** Opening Supplied entries block **

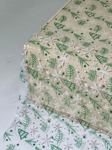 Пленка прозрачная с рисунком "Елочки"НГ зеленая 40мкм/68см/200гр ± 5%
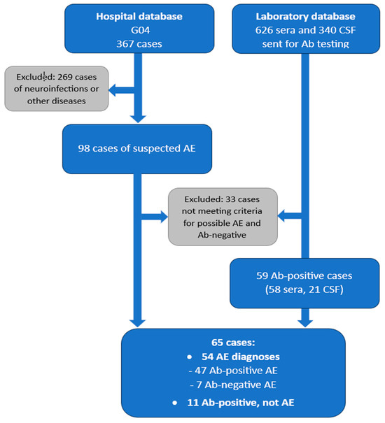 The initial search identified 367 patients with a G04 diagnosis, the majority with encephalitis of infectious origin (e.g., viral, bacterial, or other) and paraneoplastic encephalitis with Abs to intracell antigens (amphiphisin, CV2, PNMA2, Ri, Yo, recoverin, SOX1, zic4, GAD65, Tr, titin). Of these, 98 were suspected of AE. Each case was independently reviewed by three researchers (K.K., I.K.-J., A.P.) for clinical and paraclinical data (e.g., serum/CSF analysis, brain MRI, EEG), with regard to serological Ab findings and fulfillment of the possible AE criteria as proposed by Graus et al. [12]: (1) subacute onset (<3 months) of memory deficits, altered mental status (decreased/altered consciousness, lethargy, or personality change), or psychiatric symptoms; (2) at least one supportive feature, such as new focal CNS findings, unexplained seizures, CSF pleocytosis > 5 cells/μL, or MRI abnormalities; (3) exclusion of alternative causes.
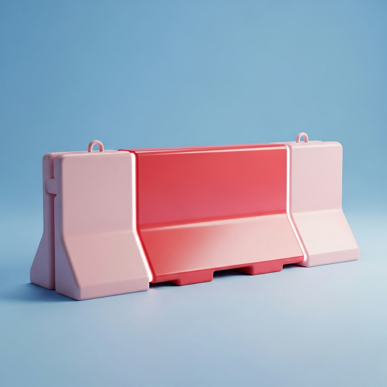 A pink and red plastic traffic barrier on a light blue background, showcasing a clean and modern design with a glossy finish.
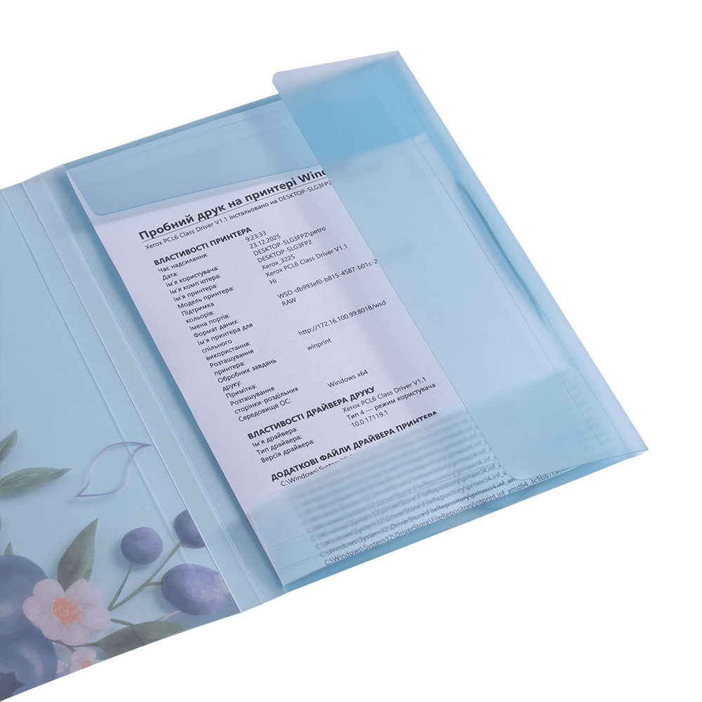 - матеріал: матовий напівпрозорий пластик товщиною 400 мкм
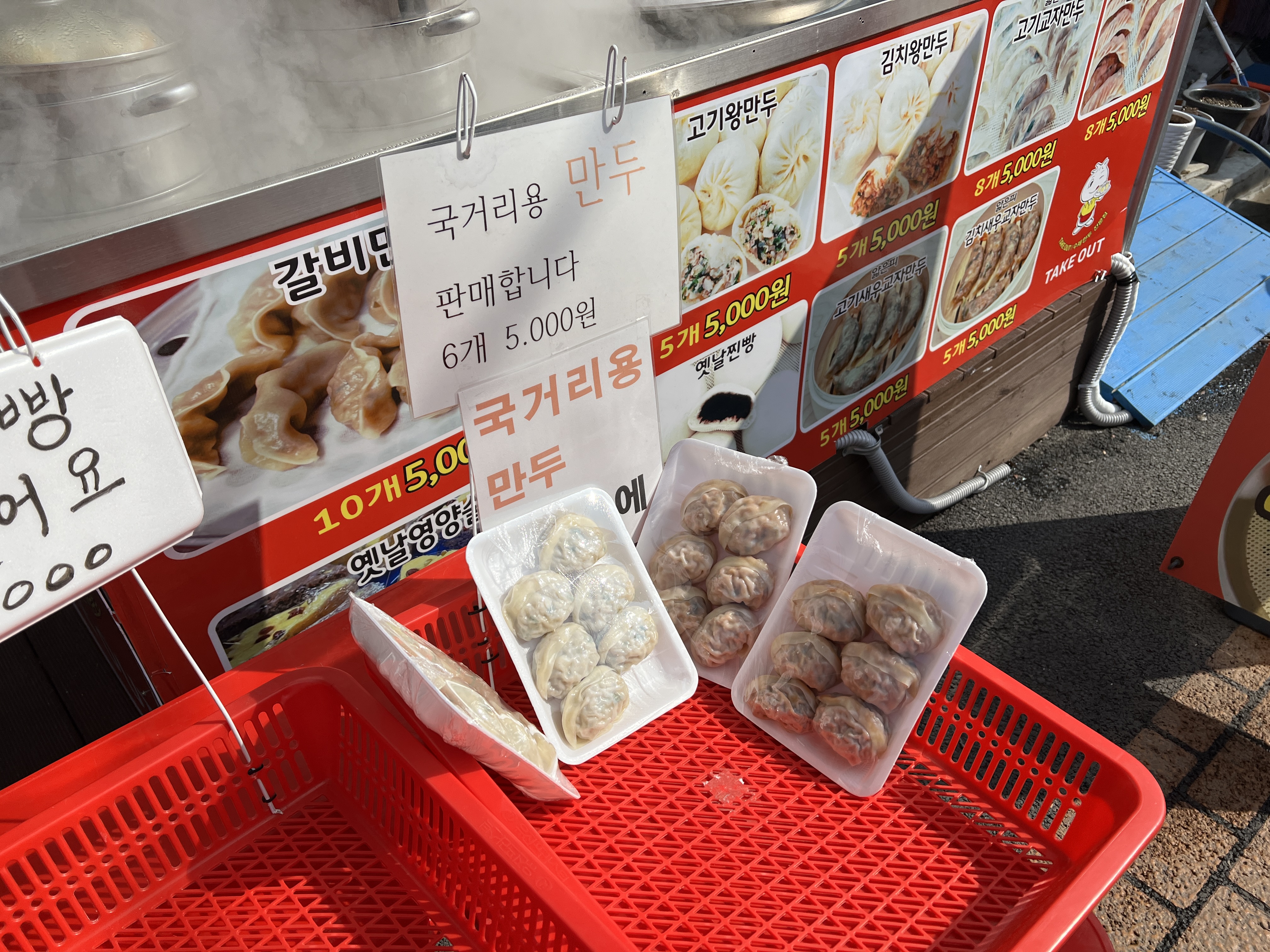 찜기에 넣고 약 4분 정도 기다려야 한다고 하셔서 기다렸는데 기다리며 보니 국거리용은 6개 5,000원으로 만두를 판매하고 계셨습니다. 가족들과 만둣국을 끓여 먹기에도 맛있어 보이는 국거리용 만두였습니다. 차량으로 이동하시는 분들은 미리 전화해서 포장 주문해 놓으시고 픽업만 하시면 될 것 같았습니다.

** Closing Supplied entries block **

• What is expected: Please copy out the entries above exactly as they appear, but skip their images.

• Answer to the problem:
 Пленка прозрачная с рисунком "Елочки"НГ зеленая 40мкм/68см/200гр ± 5%
 The initial search identified 367 patients with a G04 diagnosis, the majority with encephalitis of infectious origin (e.g., viral, bacterial, or other) and paraneoplastic encephalitis with Abs to intracell antigens (amphiphisin, CV2, PNMA2, Ri, Yo, recoverin, SOX1, zic4, GAD65, Tr, titin). Of these, 98 were suspected of AE. Each case was independently reviewed by three researchers (K.K., I.K.-J., A.P.) for clinical and paraclinical data (e.g., serum/CSF analysis, brain MRI, EEG), with regard to serological Ab findings and fulfillment of the possible AE criteria as proposed by Graus et al. [12]: (1) subacute onset (<3 months) of memory deficits, altered mental status (decreased/altered consciousness, lethargy, or personality change), or psychiatric symptoms; (2) at least one supportive feature, such as new focal CNS findings, unexplained seizures, CSF pleocytosis > 5 cells/μL, or MRI abnormalities; (3) exclusion of alternative causes.
 A pink and red plastic traffic barrier on a light blue background, showcasing a clean and modern design with a glossy finish.
 - матеріал: матовий напівпрозорий пластик товщиною 400 мкм
 찜기에 넣고 약 4분 정도 기다려야 한다고 하셔서 기다렸는데 기다리며 보니 국거리용은 6개 5,000원으로 만두를 판매하고 계셨습니다. 가족들과 만둣국을 끓여 먹기에도 맛있어 보이는 국거리용 만두였습니다. 차량으로 이동하시는 분들은 미리 전화해서 포장 주문해 놓으시고 픽업만 하시면 될 것 같았습니다.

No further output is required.